Electrical characteristics: SEM-EDX shows that the P2 line completely removes ETL/perovskite/HTL, and the residual lead signal is <1%;

Geometric fill factor (GFF): 4 cm² component GFF=96%, 51 cm² component GFF=94%, better than the solution method (GFF≈85%);

Production compatibility: The single laser source process simplifies the complexity of the equipment, and the etching speed (up to 100 mm/s) supports mass production cycles >1 piece/minute.

(A) PL imaging of 51 cm² perovskite absorption layer; (B) 4 cm² module LBIC; (C) 51 cm² module LBIC and local magnification

Uniformity: PL imaging shows that the luminescence intensity fluctuation of the 51 cm² perovskite layer is <5%, the signal is uniform, and the edge effect is minimal;

4 cm² module: the current signal is uniform, confirming the interlayer uniformity and low contact resistance.

51 cm² module: the signal decreases slightly (GFF from 96% → 94%), but it is still better than most solution-based modules.

The full evaporation process achieves large-area uniform deposition, and laser scribing does not introduce significant defects.

Perovskite module performance and loss analysis

(A) 4 cm² module PCE; (C) 51 cm² module PCE; (B) Scaled loss; (D) 51 cm² module MPP tracking

4 cm² module: PCE=18.0% (backward scan), FF=81%, Voc=5.5 V, Jsc=20.2 mA/cm².

51 cm² module: PCE=16.6% (backward scan), FF=82%, Voc=19.0 V, Jsc=19.1 mA/cm².

Loss analysis: Of the total loss of 3.1%/dec from 4→51 cm², GFF contributes 2.2%, and other mechanisms (such as resistance, defects) only 0.9%. The stability of the 51 cm² module under MPP tracking, the efficiency maintained at 16.1% within 30 minutes.

The fully evaporated module remains efficient and stable over a large area.

Comparison of amplification losses of different technologies

■ Solution method (such as blade coating, slit coating) loses 6.9–7.2%/dec.

■ Full evaporation + laser scribing loses 3.1%/dec, which is close to traditional technologies such as CIGS (~3%) and c-Si (~2%).

■ Vapor deposition combined with laser scribing is currently the technical path with the lowest efficiency loss in perovskite amplification.

This study successfully achieved efficient large-scale amplification of perovskite components through the synergy of full evaporation layer manufacturing and full laser scribing.
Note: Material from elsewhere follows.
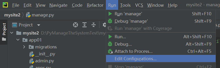 解决方法:顶部菜单栏中 run-->Edit Configurarions (如下图所示)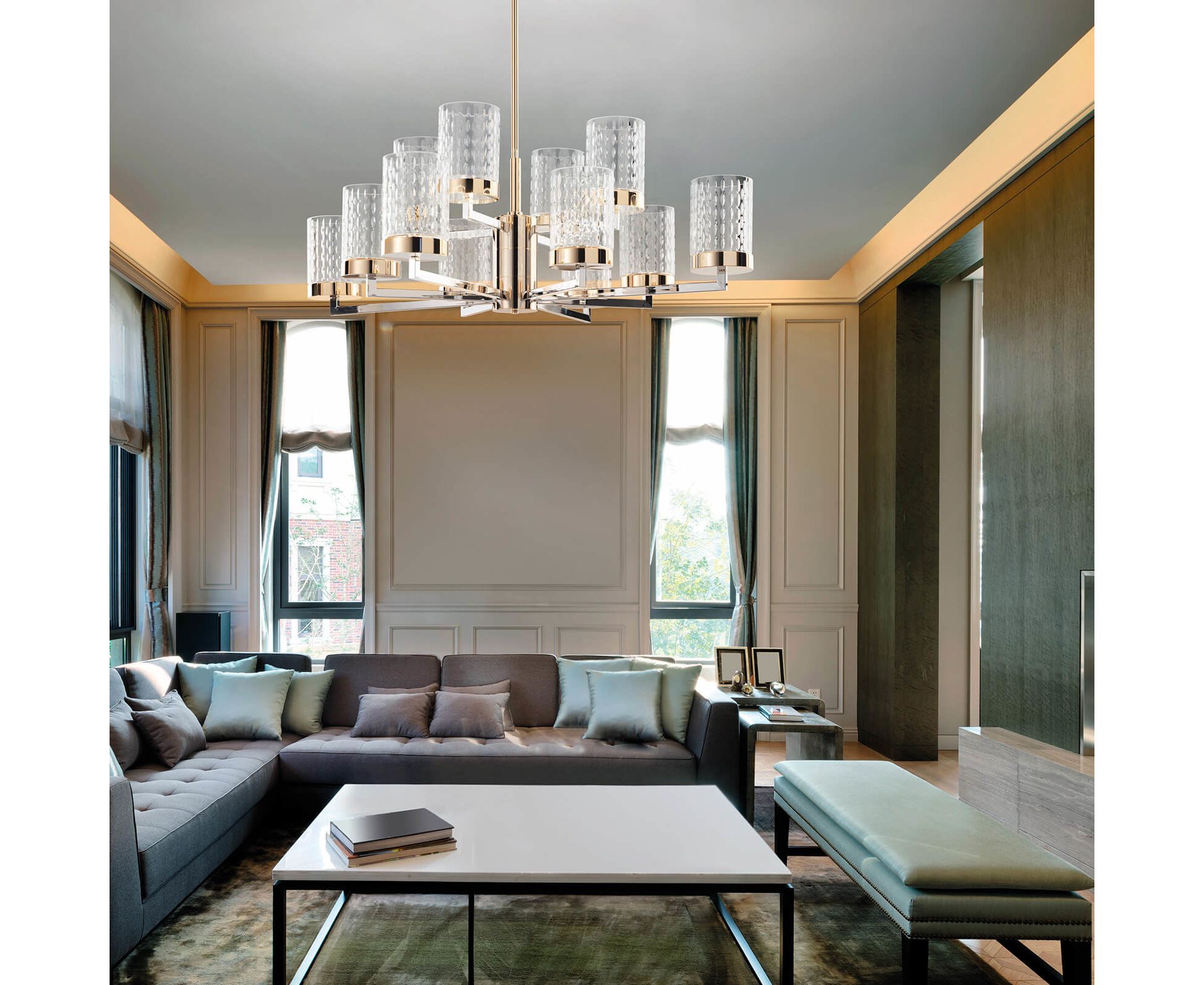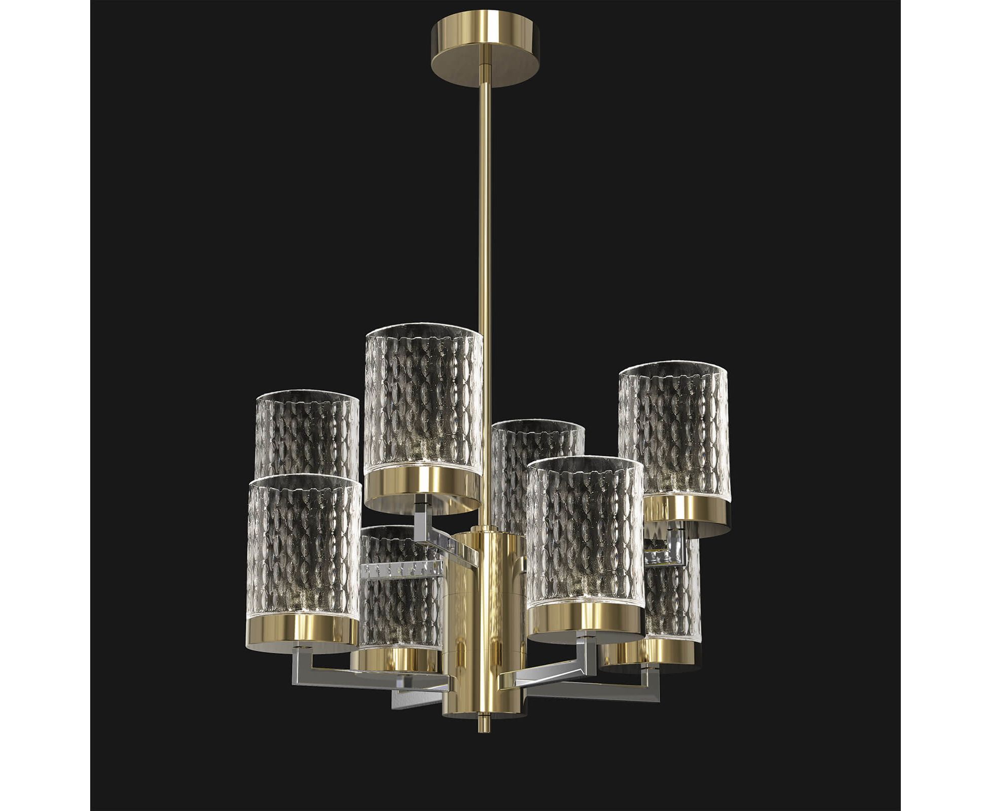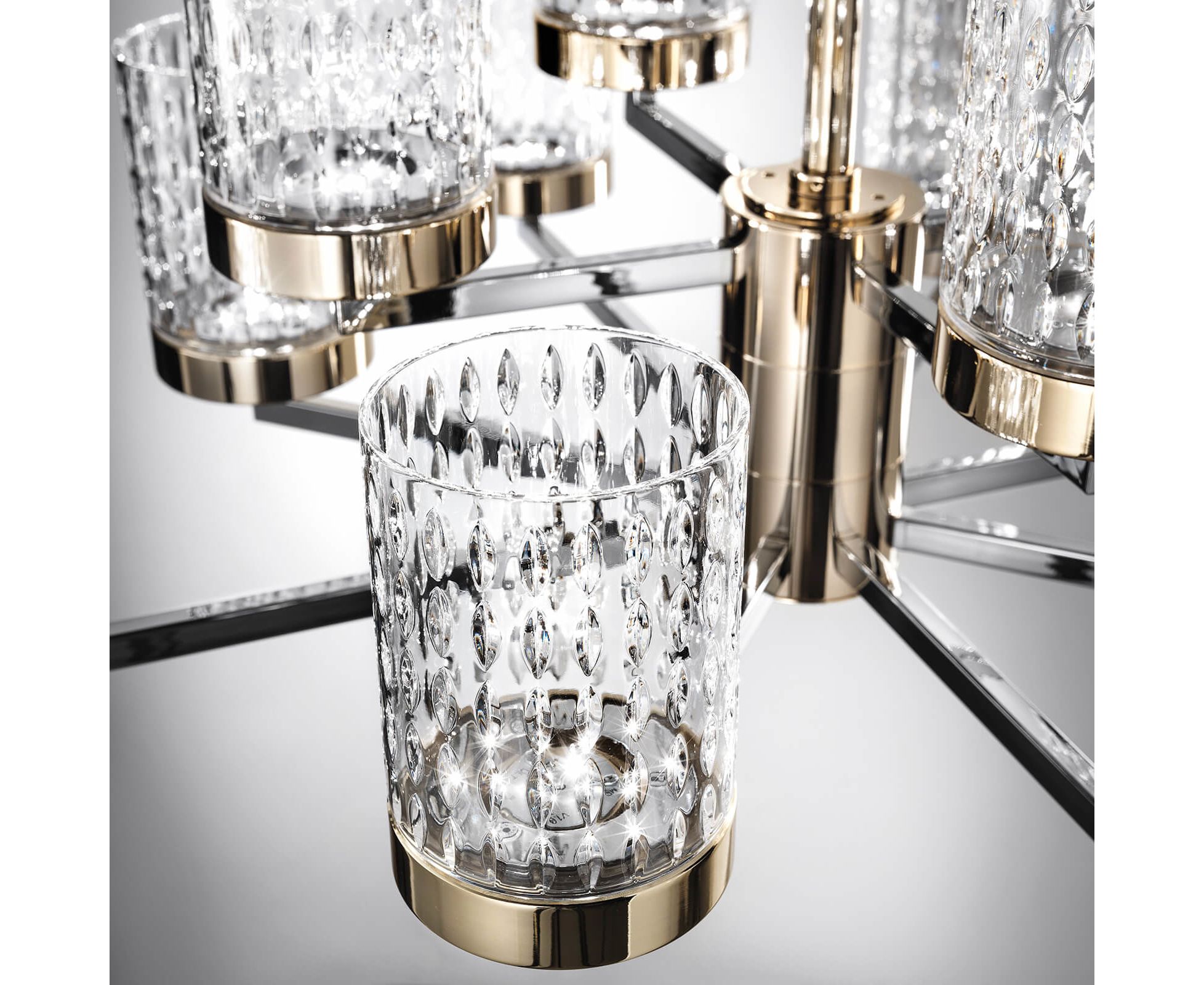Люстра с хромированной и отделкой из светлого золота металлической структуры и диффузорами из резного хрусталя. Доступны в разных размерах.

The full vacuum deposition process solves the problem of large-area uniformity, while single-source nanosecond laser scribing simplifies the interconnection process and reduces resistance loss. The resulting component still maintains an efficiency of 16.6% at an area of ​​51 cm², with an amplification loss of only 3.1%/dec, marking an important step for perovskite photovoltaics towards industrialization.